7. Each jurisdiction waives all claims and causes of action against all of the other
jurisdictions for compensation, damage, personal injury or death occurring as a
consequence,
direct or indirect, of the performance of this agreement, to the extent permitted by,
and without
waiving any protections or other provisions of, the Colorado Governmental Immunity
Act.
8. Each jurisdiction agrees that it will reasonably pursue any legal reimbursement
possible,
pursuant to state or federal laws, for incidents occurring within its jurisdiction, on
behalf of all
assisting jurisdictions. Upon payment by the responsible entity, and after subtracting
the
reasonable costs of pursuing and collecting the reimbursement, the receiving
jurisdiction will
distribute the received funds in a fair and equitable manner to assisting jurisdictions,
based upon a pro rata share of their documented expenses for the involved incident.
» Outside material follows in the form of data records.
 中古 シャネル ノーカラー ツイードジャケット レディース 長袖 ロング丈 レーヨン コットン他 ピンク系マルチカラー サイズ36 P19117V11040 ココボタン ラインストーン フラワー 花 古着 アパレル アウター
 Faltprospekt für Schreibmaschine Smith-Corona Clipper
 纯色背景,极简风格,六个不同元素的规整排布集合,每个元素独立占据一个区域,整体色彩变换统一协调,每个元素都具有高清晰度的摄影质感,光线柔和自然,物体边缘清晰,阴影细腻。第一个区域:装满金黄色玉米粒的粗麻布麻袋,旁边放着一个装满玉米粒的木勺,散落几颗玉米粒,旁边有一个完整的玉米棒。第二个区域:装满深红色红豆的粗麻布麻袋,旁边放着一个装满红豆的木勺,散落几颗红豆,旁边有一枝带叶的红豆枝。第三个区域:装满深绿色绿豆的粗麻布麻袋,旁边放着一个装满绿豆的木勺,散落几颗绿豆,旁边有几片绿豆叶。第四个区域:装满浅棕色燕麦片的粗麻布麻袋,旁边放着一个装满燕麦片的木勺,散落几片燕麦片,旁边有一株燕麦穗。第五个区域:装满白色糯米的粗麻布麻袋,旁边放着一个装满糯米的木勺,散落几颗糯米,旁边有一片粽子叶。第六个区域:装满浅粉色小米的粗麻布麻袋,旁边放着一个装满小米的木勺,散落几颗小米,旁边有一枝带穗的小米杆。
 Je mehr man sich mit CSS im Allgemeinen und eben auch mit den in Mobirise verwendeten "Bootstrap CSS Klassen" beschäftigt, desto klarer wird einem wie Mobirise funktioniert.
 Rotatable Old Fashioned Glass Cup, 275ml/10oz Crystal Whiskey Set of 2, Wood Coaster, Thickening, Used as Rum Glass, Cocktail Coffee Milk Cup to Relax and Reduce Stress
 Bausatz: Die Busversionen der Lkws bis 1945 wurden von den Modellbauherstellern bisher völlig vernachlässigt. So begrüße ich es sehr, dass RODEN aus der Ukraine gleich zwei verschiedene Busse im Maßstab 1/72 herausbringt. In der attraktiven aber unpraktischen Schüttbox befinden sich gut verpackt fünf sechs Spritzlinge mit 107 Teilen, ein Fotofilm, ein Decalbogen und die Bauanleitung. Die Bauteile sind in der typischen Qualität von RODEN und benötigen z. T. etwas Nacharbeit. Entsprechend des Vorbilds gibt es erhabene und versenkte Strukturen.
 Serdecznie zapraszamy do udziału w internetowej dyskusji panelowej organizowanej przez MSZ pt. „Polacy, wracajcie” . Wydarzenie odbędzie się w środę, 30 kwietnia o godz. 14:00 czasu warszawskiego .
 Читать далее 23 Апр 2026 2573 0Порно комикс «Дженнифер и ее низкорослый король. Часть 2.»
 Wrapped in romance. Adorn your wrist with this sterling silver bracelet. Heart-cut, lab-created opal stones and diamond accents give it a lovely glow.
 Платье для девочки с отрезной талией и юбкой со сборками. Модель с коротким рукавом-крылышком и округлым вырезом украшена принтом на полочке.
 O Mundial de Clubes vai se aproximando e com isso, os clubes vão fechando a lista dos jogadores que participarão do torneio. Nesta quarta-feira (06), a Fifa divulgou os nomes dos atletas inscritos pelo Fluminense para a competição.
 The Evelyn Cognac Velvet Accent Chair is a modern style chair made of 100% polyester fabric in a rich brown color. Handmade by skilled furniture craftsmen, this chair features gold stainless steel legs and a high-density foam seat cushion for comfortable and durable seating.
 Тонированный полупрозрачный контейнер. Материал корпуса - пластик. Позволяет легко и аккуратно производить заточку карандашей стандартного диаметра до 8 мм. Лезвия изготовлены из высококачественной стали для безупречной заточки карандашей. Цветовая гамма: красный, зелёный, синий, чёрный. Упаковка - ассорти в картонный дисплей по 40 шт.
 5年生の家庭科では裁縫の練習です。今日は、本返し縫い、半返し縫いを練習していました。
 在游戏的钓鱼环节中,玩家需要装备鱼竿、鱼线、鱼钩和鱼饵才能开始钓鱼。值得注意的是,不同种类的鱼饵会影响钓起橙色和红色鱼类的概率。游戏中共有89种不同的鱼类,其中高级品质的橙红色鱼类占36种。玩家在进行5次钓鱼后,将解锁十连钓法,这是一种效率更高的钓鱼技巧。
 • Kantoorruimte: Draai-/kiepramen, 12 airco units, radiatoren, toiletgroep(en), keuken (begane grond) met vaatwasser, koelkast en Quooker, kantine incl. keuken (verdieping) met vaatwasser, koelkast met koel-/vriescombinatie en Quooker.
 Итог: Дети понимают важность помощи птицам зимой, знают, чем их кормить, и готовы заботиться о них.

This is not is lieu of application for compensation provided in C.R.S. 30-10-513.
9. Nothing contained in this Agreement, and no performance under this Agreement
by
personnel of the jurisdictions hereto, shall in any respect alter or modify the status of
officers,
agents, or employees of the respective jurisdictions for purposes of worker's
compensation or
their benefits or entitlements, pension, levels or types of training, internal discipline,
certification, or rank procedures, methods, or categories, or for any purpose, or
condition or
requirement of employment. Worker's Compensation Coverage shall be as structured
in C.R.S.
29-5-109, if the request meets the requirements of C.R.S. 29-5-103 through 107; the
providing
jurisdiction shall remain responsible for processing any worker's compensation claims
filed by
its own resources.
10. It is expressly understood and agreed that enforcement of the terms and conditions
of the
Agreement, and all rights of action relating to such enforcement, shall be strictly
reserved to the named jurisdictions hereto, and nothing contained in this Agreement
shall give or allow any such claim or right of action by any other or third person on
such Agreement. It is the express
intention of the named jurisdictions that any person receiving services or benefits
under this
Agreement, other than the named jurisdictions, shall be deemed to be an incidental
beneficiary
only.
11. Amendments to this Agreement may be made only upon consent of 2/3 of all then
current signatory jurisdictions. Such consent shall become effective upon its receipt in
writing at the depository cited below in Article 14. The only exception is that standing
authorization is given to the Eagle County's emergency management unit to make
minor revisions to this document and supporting Annexes affecting current
information, grammar, terminology, and general updating.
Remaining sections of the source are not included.